T24’ten Cansu Çamlıbel’e konuşan Uzgel, sığınmacı sıkıntısıyla ilgili tahlillerini açıkladı. Suriye Devlet Başkanı Beşar Esad ile görüşülmesi gerektiğini belirten Uzgel, CHP iktidara gelirse geldiği andaki şartlara bakacaklarını, PYD’nin o günkü durumuna bakacaklarını ve Rusya ile de ABD ile de göörüşeceklerini tabir etti.
Uzgel, “Güvenlik sorunu bitmeden, seçim kazandığınızın sonraki günü asker çekemezsiniz. Bu hususta da sığınmacı konusunda da İdlib konusunda da muhatap sonuçta Esad idaresidir. Bütün bunların Esad idaresiyle konuşulması gerekiyor ve bunların hepsi bir paket olarak görüşülmek zorunda. Rastgele bir adedini tek başına ele alamazsınız. Bir de alışılmış Esad idaresinin gerisinde Rusya var, yanında İran var. Gerekirse onlarla da temas edeceksiniz. Diğer türlü bunu çözemezsiniz. CHP iktidara geldiğinde, geldiği andaki şartlara bakar, PYD’nin o günkü konumuna bakar, Rusya ile de ABD ile de görüşür ve mevzuyu tüm boyutlarıyla ele alır.” dedi.
‘KİMİNLE NEYİ GÖRÜŞECEKSİNİZ?’
Uzgel, mevzuya ait olarak şu tabirleri kullandı:
Önce PYD yöneticilerini Türkiye’ye davet edip görüşüp sonra da terörist ilan ederseniz. Tıpkı anda Esad idaresini düşman ilan ederseniz kiminle neyi konuşacaksınız? İkisini birden yaparak hükümet aslında topu taca atmış oldu. YPG sizin için tehditse bunu oturup Esad ile görüşeceksiniz. Bunun öteki bir yolu yok. Türkiye’nin temel siyaset yanlışı buydu. Bunların düzeltilmesi lazım. Suriye belgesi AKP’nin bıraktığı en vahim dış siyaset mirası olacak. Rusya daha kolay. Kıbrıs da daha kolay. Karabağ daha kolay. Ege daha kolay.
‘KÜRT SORUNU KOCAMAN BİR ORTADOĞU MESELESİNE DÖNÜŞMÜŞ DURUMDA’

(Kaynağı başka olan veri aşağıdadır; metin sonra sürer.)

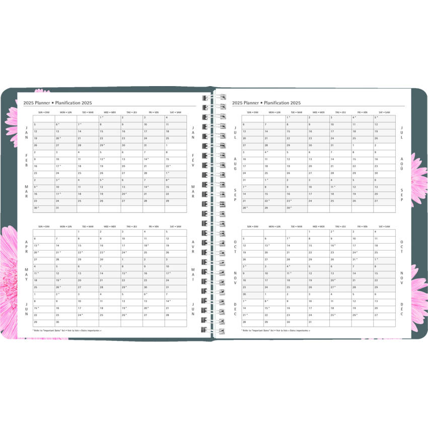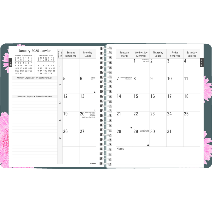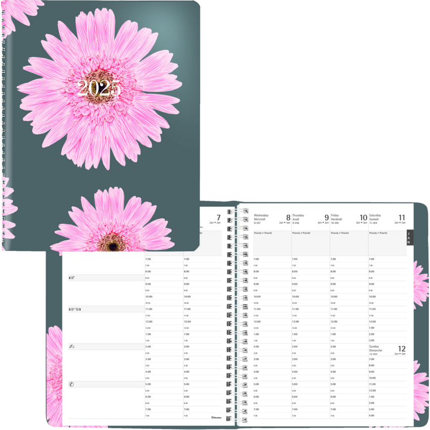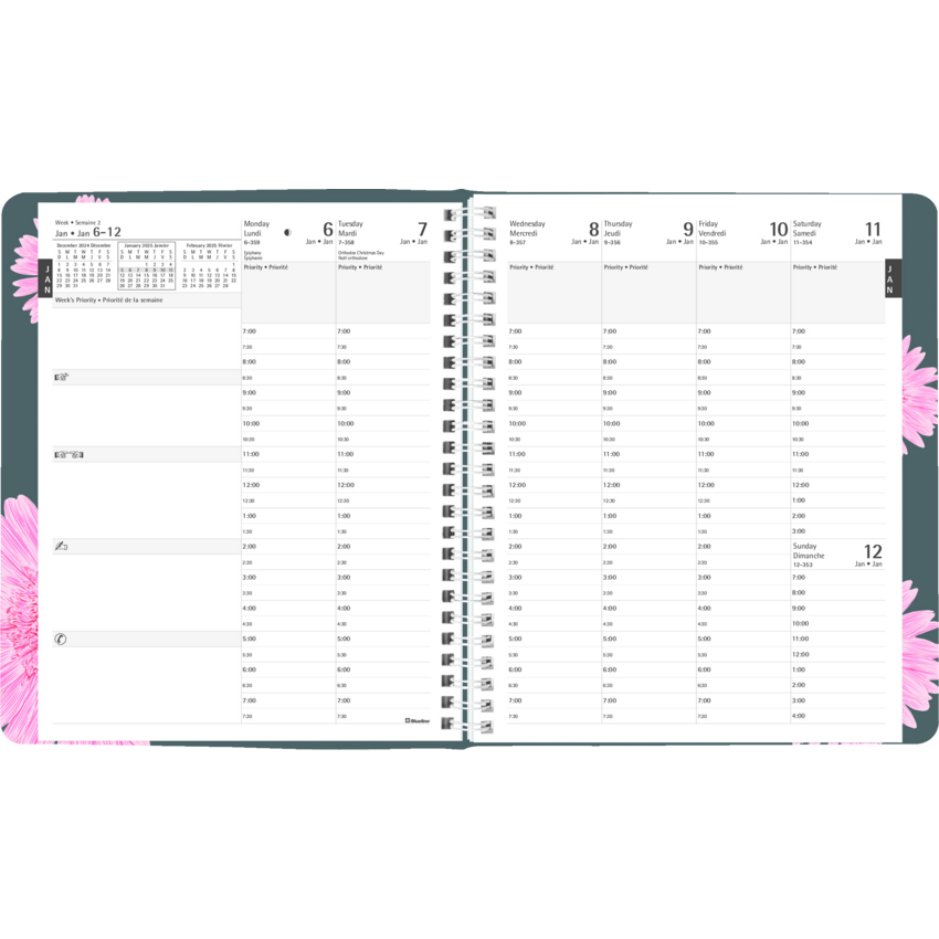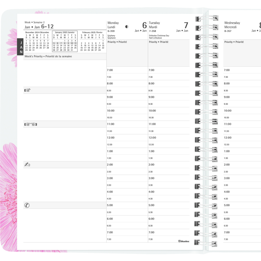 Blueline has proudly contributed over a million dollars to the breast cancer cause since 2007 from the sale of the Pink Ribbon products. Your purchase will help us surpass our goal of $25,000 this year. Contains 50% post-consumer recycled material. FSC® Certified. Twin wire bound. Soft cover. 1 week per 2-page spread, 13-month planner, December to December. 7:00 a.m. to 7:30 p.m. in 1/2 hour intervals. 7-day spread with a monthly planner at the beginning of each month Each spread has boxes for daily priorities. 8-1/2" x 6-3/4". Bilingual. Pink.

Bunun bütüncül yaklaşılması gereken bir mevzu olduğu ortada lakin öte yandan Kürt siyaseti de kendi içinde büyük ayrışmalar yaşıyor. Irak’taki Kürt bölgesinin kendi içinde Barzani- Talabani ekolünün çekişmesi var. Keza Irak’taki Kürt bölgesi ile PYD ortasında derin görüş ayrılıkları var. Ve bu ayrışmaların hepsinin toplamında Kürt sorunu kocaman bir Ortadoğu sıkıntısına dönüşmüş durumda. Türkiye içine dönersek… Kürt probleminin tahliliyle ilgili daha evvelki denemeler yanlış ve eksik işledi. Oslo’da kapalı kapılar gerisinde iş yapıldı. 2013’te ise kamuoyuna açık bir süreçmiş üzere gösterildi lakin meclis denklem dışında bırakıldı. Bir kez bugün tekrar tahlil arayışına girilecekse bunun adresi TBMM’dir ve de sürecin büsbütün şeffaf yürütülmesi gerekir. Şartlar da çok çok değişti 10 yıl öncesine kıyasla. Aslına bakarsanız Türkiye Kürt sorununun silahlı tahlili sürecinde çok yol kat etti. PKK çok geriletildi, Kuzey Irak’ta da her gün çok büyük ziyanlar veriyor. Türkiye’nin güvenlik güçlerinin askeri kapasitesi çok ilerledi, bunu görmek lazım.
‘KÜRT SİYASETÇİLERE KARŞI YÜRÜTÜLEN KAMPANYALAR’
Güvenlik korkularıyla ilgili önemli ara alınmışken, Türkiye’deki seçilmiş Kürt siyasetçilere karşı yürütülen kampanyalar ve bunların doğal olarak Kürt seçmende yaratmış olduğu yansılar ele alınmadan yola çıkılamaz. Terör sorunu yoktur demiyorum. Fakat bunu gerçek anlatamadığınız bir ortamda ABD, Suriye’de PYD’yi güçlendirmeye devam ediyor. Bunun doğal ki rahatsız edici bir boyutu var. En son Amerikalılar YPG’lilere hava eğitimi, helikopter eğitimi falan da vermeye başladı. Bu eğitimler ve onca silah ne için veriliyor? Amerika oradaki yapıyı kalıcılaştırmak istiyor muhtemelen.”